Access Control Decisions (ac-24)

Establish procedures,Implement mechanisms to ensure organization-defined access control decisions are applied to each access request prior to access enforcement.

Access control decisions (also known as authorization decisions) occur when authorization information is applied to specific accesses. In contrast, access enforcement occurs when systems enforce access control decisions. While it is common to have access control decisions and access enforcement implemented by the same entity, it is not required, and it is not always an optimal implementation choice. For some architectures and distributed systems, different entities may make access control decisions and enforce access.

Reference Monitor (ac-25)

Implement a reference monitor for organization-defined access control policies that is tamperproof, always invoked, and small enough to be subject to analysis and testing, the completeness of which can be assured.

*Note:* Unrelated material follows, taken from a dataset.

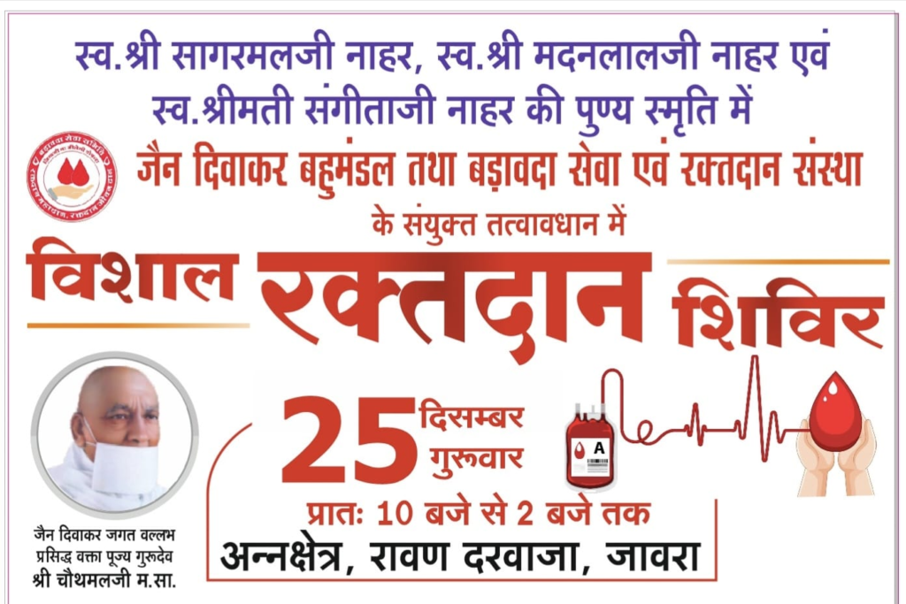 जावरा (अभय सुराणा) । स्वर्गीय सागरमलजी स्वर्गीय मदनलालजी . स्वर्गीय श्रीमती संगीता नाहर की स्मृति में दिनांक 25 दिसंबर को विशाल रक्तदान शिविर का आयोजन अन्नक्षेत्र रावण दरवाजा जावरा में समय प्रातः 10 से 2 बजे तक किया जा रहा है।

A reference monitor is a set of design requirements on a reference validation mechanism that, as a key component of an operating system, enforces an access control policy over all subjects and objects. A reference validation mechanism is always invoked, tamper-proof, and small enough to be subject to analysis and tests, the completeness of which can be assured (i.e., verifiable). Information is represented internally within systems using abstractions known as data structures. Internal data structures can represent different types of entities, both active and passive. Active entities, also known as subjects, are associated with individuals, devices, or processes acting on behalf of individuals. Passive entities, also known as objects, are associated with data structures, such as records, buffers, communications ports, tables, files, and inter-process pipes. Reference monitors enforce access control policies that restrict access to objects based on the identity of subjects or groups to which the subjects belong. The system enforces the access control policy based on the rule set established by the policy. The tamper-proof property of the reference monitor prevents determined adversaries from compromising the functioning of the reference validation mechanism. The always invoked property prevents adversaries from bypassing the mechanism and violating the security policy. The smallness property helps to ensure completeness in the analysis and testing of the mechanism to detect any weaknesses or deficiencies (i.e., latent flaws) that would prevent the enforcement of the security policy.